Yedikleriniz de motivasyonunuzu etkiliyor olabilir. Beslenme terapisti Jackie Lynch, et, balık, yumurta ve soya üzere tam proteinlerin gerekli aminoasitleri içerdiğini ve bunların bir arada çalışarak noradrenalin üzere bizi motive eden nörotransmiterleri yarattığını öne sürüyor. Lynch, ayrıyeten motivasyonu düşük insanların B vitaminlerinin de yetersiz olabileceğine işaret ediyor. Ve bu bireylere diyetlerinde proteine daha fazla yer vermelerini tavsiye ediyor.

İDMANI İHMAL ETMEYİN!

Biroldukça çalışmada antrenmanın de bilişsel fonksiyonları sağlamlaştırdığı ve beyin dopamin sentezini geliştirdiği görüldü. Lakin idman için de ne yazık ki motivasyon gerekiyor. O denli ki bir hayli insan fizikî olarak aktif olmak ister ancak hiç biri idmana vakit ayırmaz. Ottawa Üniversitesi’nden sinirbilimci Matthieu Boisgontier, antrenman paradoksunu daha yakından inceledi ve farklı bir sonuca ulaştı; hareketsiz bir hayat usulünden uzak durmak için beyin daha fazla gayret sarf ediyordu. Bu da tembelliğin dayanılmaz bir cazibesi olduğu manasına geliyor. Öbür bir deyişle insanların sarf ettikleri eforları minimumda tutmaya yönelik bir dürtüleri var.

Boisgontier’e bakılırsa beşerler bu türlü evrilmişti, çünkü güç tasarrufu hayatta kalma talihini artıran bir davranış biçimi. Lakin hayat şartlarının insanı çalışmaya zorlaması kararında tembelliğin o doyumsuz cazibesini baskılamak gerekti ve beşerler daima olarak hareket halinde olmak zorunda kaldı. Hareketli olmak alışkanlık boyutuna ulaşınca epeyce fazla zorlamaya gerek kalmadı.

KENDİNİZİ NASIL MOTİVE EDERSİNİZ?

– Şayet bir insan antrenman yaptıktan daha sonra içsel olarak motive olmuyorsa, dışsal bir ödül bulmak zorunda. Örneğin makul bir arayı koştuğunuz vakit o epeyce beğendiğiniz ayakkabıyı almaya hak kazanmış üzere hissedebilirsiniz.

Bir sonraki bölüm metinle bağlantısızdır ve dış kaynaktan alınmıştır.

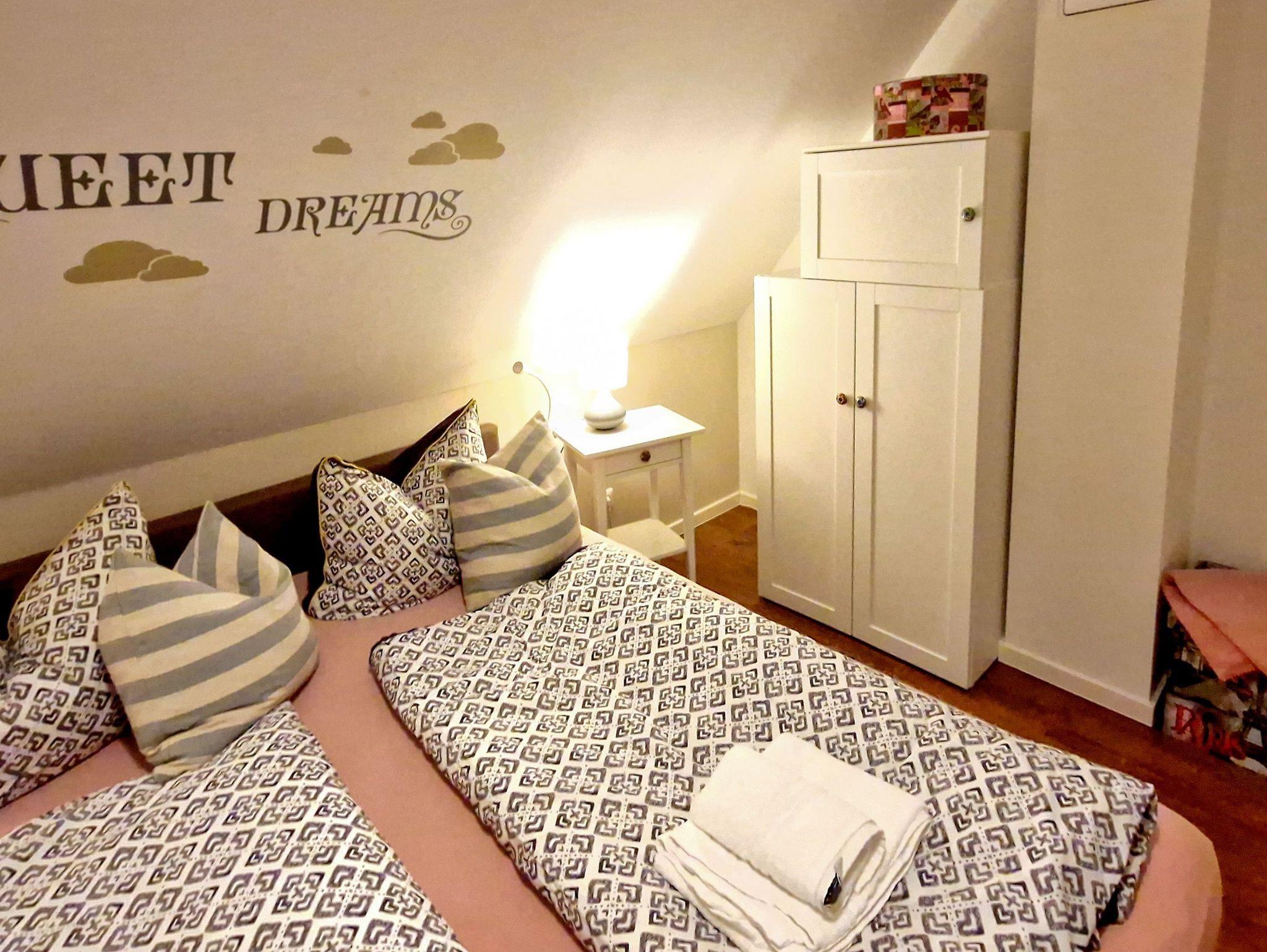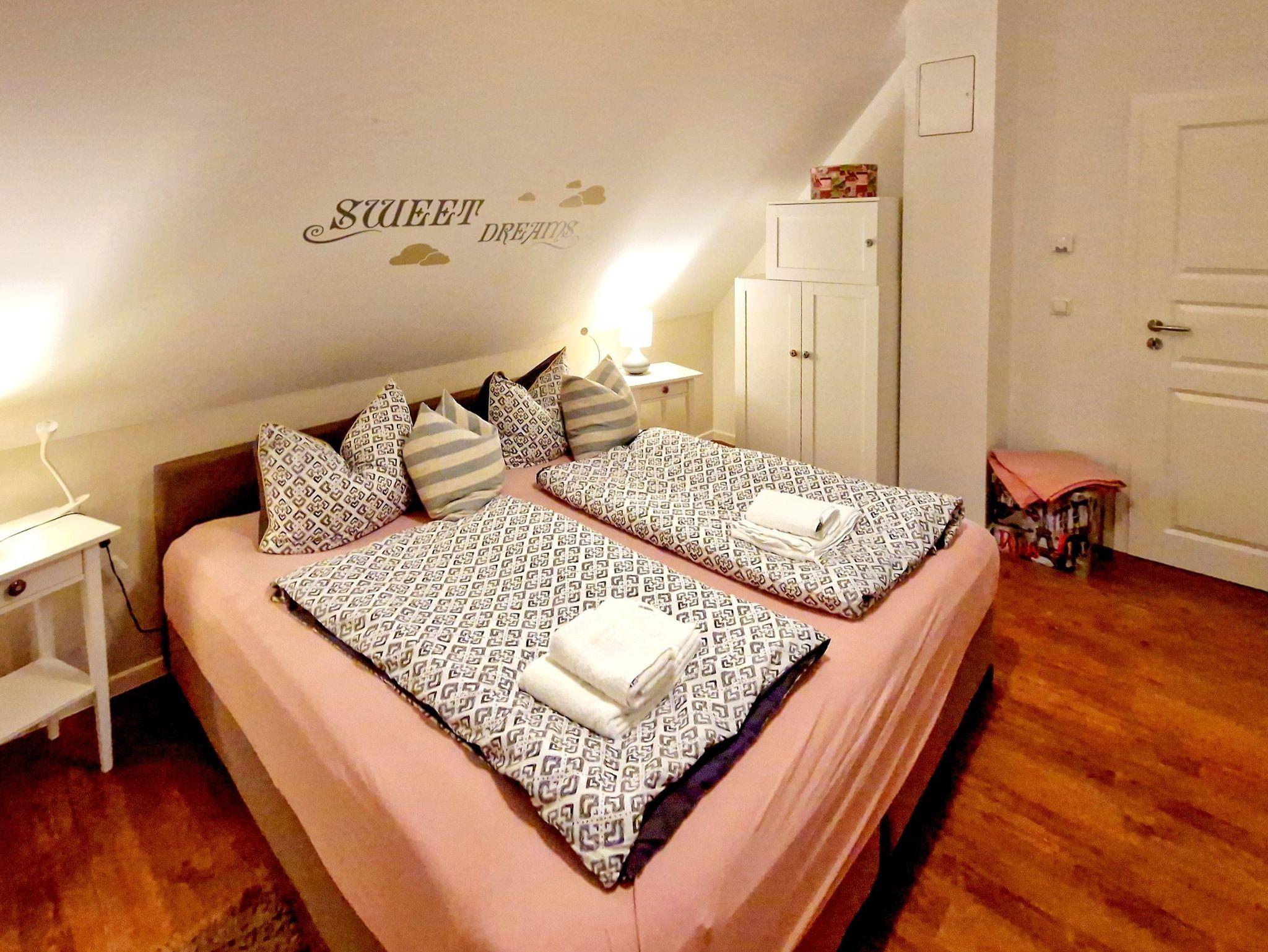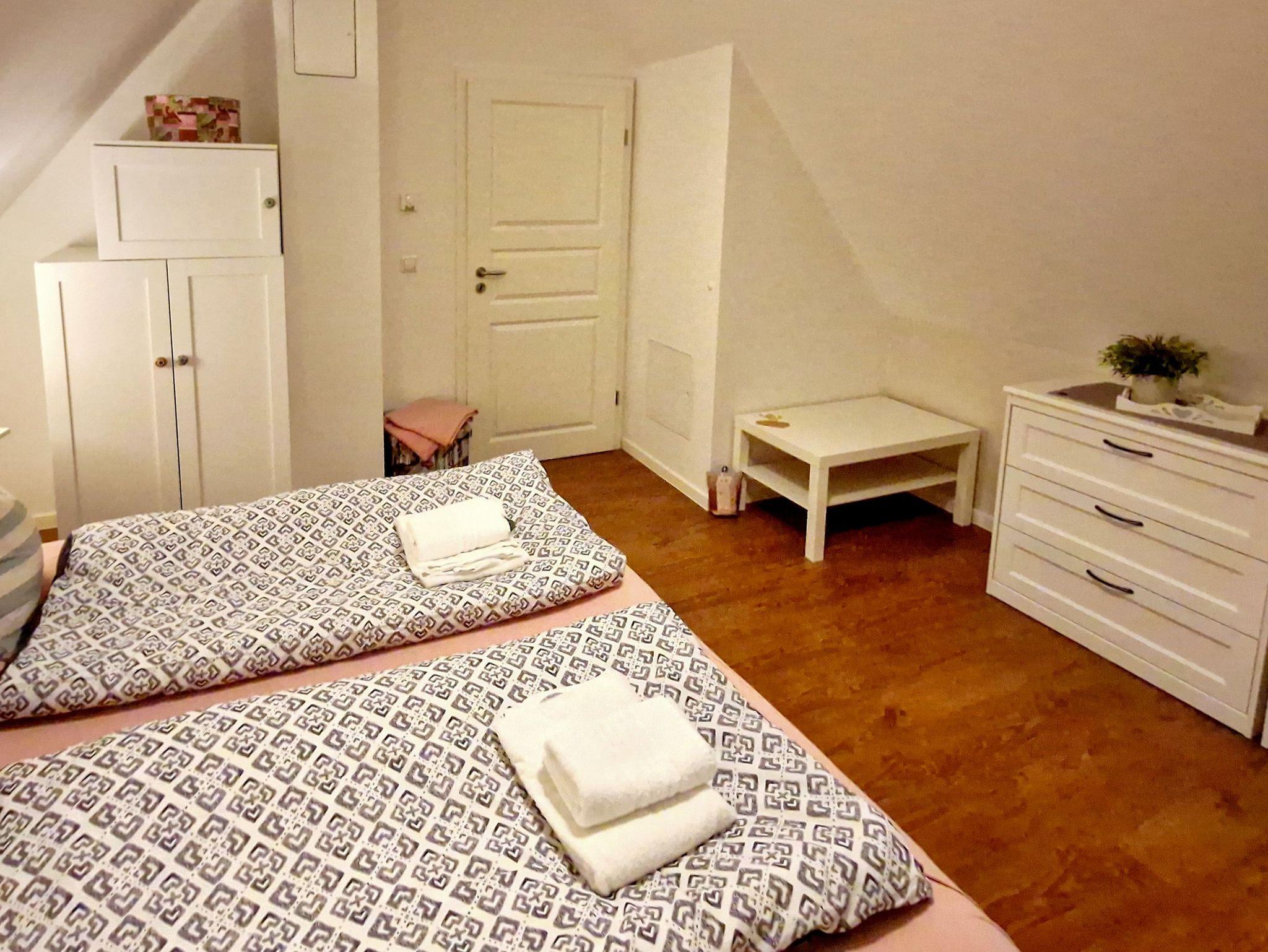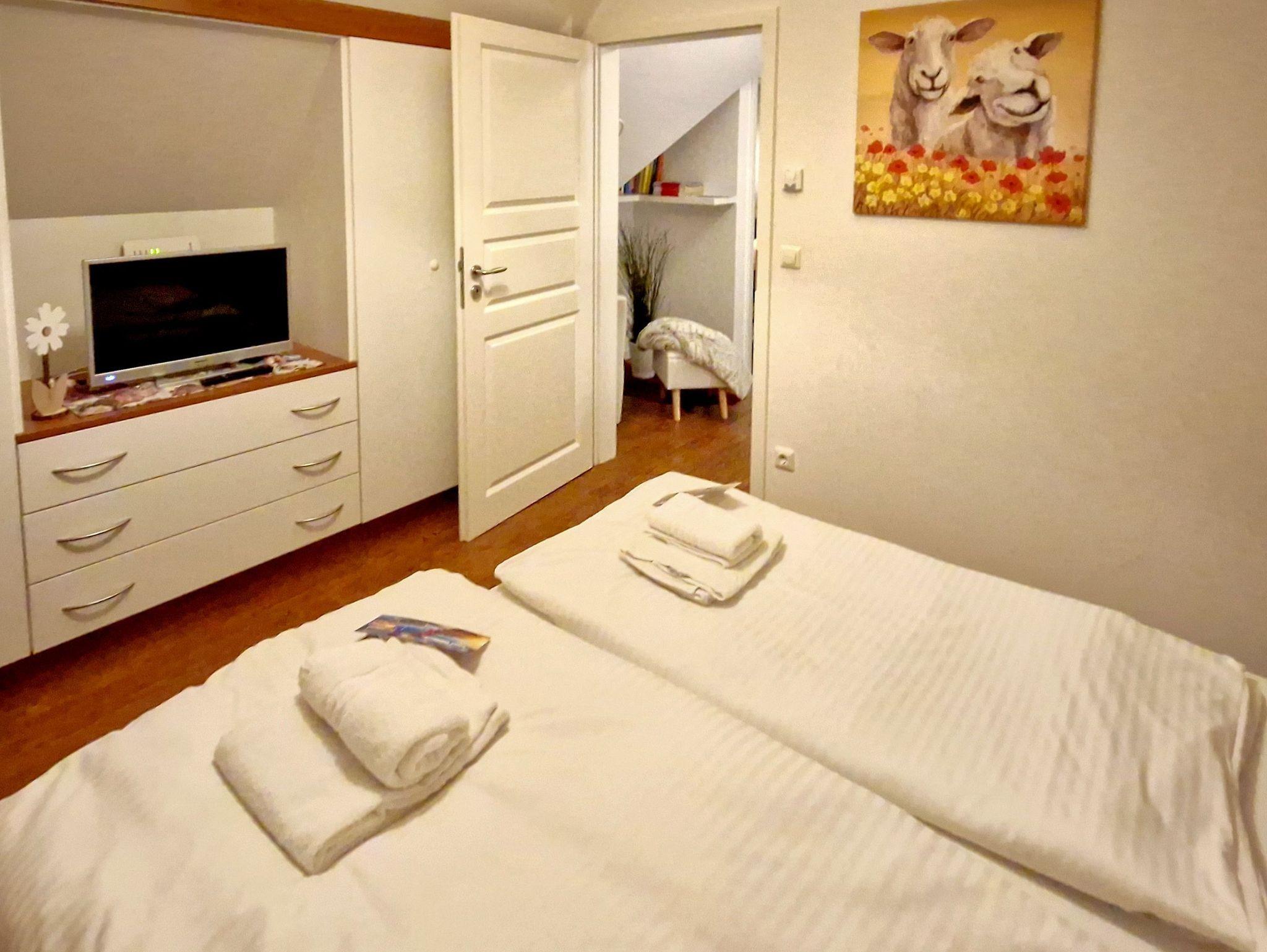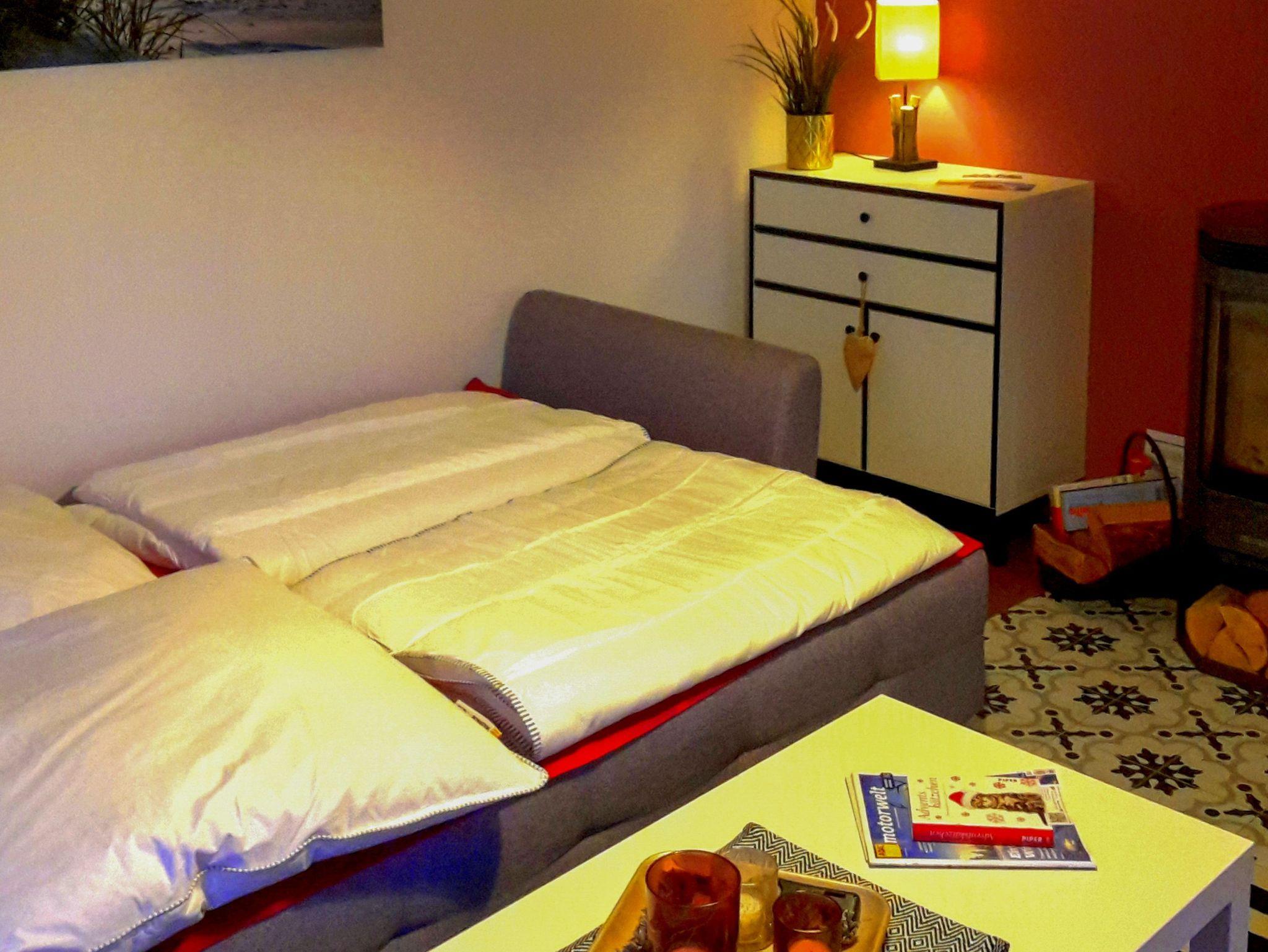 Zwei gemütliche Schlafzimmer mit Doppelbetten bieten erholsame Nächte. Das Bett im zweiten Schlafzimmer lässt sich bei Bedarf in zwei Einzelbetten umwandeln. Zusätzlich bietet das Schlafsofa im Wohnzimmer Platz für zwei weitere Gäste.

– Geleceğe fazlaca yaklaştığınızı bilmek de motive edicidir. Güney Kaliforniya Üniversitesi’nden psikolog Daphna Oyserman lise öğrencileri üzerinde yaptığı bir çalışmada, öğrencilere gelecekteki hangi konumlarda olacaklarını hayal etmelerini istedi. Bu senaryoların tesiri ile öğrencilerin daha fazla çalıştığını ve daha uygun notlar aldıklarını fark etti.

Herkese Bilim Teknoloji Dergisi’nin katkılarıyla hazırlandı.